Cell detection and Cell tracking

In the controller workstation, the images are pre-processed by the Lemming Toolbox and the cells are detected and tracked in real-time, by means of fast image processing algorithms developed by our team. From the change of position between the microscope frames, the current direction of E.lemming is estimated.

Controller

For controlling E. lemming, our modeling group implemented five different control algorithms, based on the same template. The actual direction of E. lemming, together with the desired direction set by the user and the time-point of the simulation form the inputs of the algorithms, while boolean values for red light and far-red light represent the outputs. Based on original combinations of error minimization, hysteresis, noise suppression and predictions, our algorithms decide what type of light is sent at every time-point.
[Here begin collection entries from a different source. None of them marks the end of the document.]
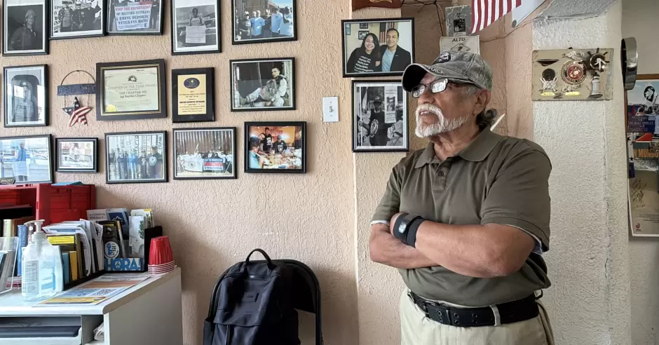 Aquí encontramos a Jesús Galván, un veterano de los Marines, escuchando un discurso del presidente Donald Trump sobre la importancia de cuidar a quienes sirvieron.
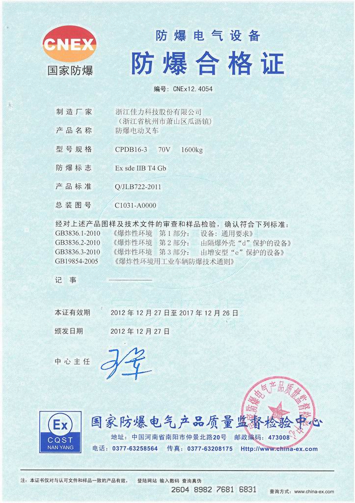 CPDB16-3 防爆電動叉車三支點氣體證書
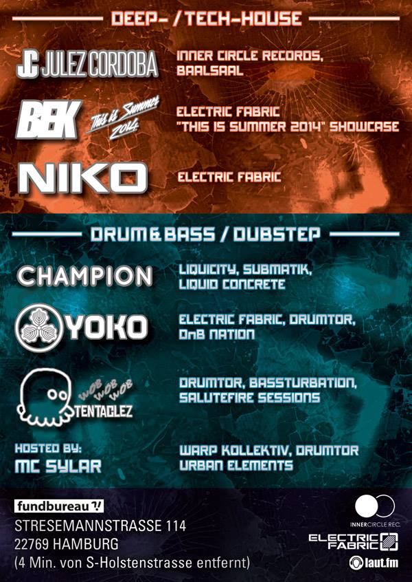 Die Style-Vielfalt ist wieder da - und wie nun schon mehrfach kampferprobt, bekommt ihr bei ELECTRIC FABRIC die perfekte Mischung aus tanzbarem Deep- & Tech-House, sowie actiongeladenem Drum&Bass und Dubstep aufgetischt!
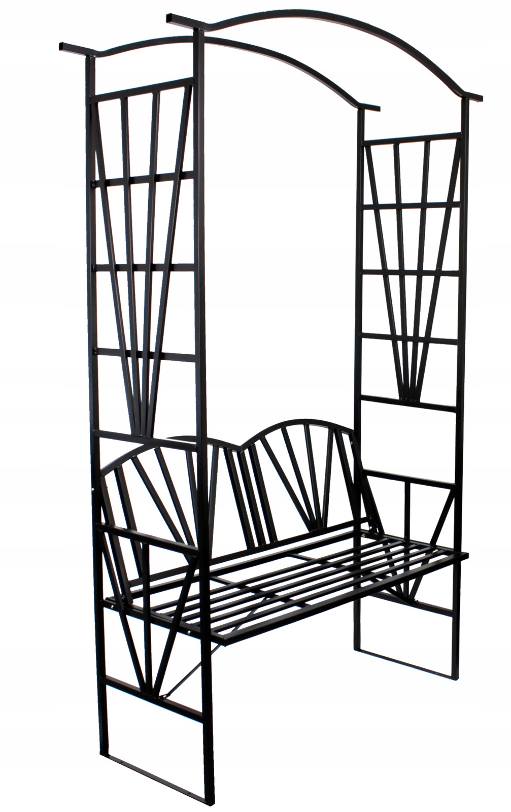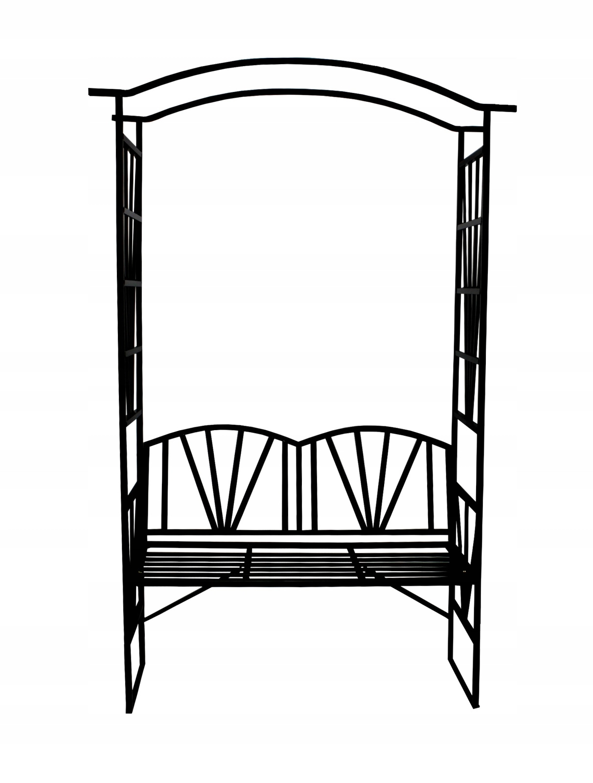 Deze stijlvolle pergola met gebogen bovenkant en geïntegreerd bankje biedt comfortabele zitruimte voor twee personen en tegelijk betrouwbare steun voor rozen, clematissen of kamperfoelie. De zwarte poedercoating beschermt het metalen frame tegen corrosie en maakt het onderhoud eenvoudig. Ideaal voor tuinen, terrassen en binnenplaatsen waar u esthetiek en functionaliteit wilt combineren.

This decision is then send back through the network to the microscope computer, which activates or deactivates the respective diodes, thus closing the loop between the in-silico and in-vivo part of the network.
Furthermore the controller detects if a cell is swimming out of the field of vision of the microscope and automatically adjusts the position of the x/y-stage.

User Experience and Visualization

The Toolbox is connected to either a joystick or a keyboard with which the user can choose the cell he/she wants to control and interactively change the reference direction for the E.lemming in real time.
Finally, the microscope image is post-processed to show the position of all cells, the selected cell and its current and reference direction, and visualized on the computer screen or with a beamer.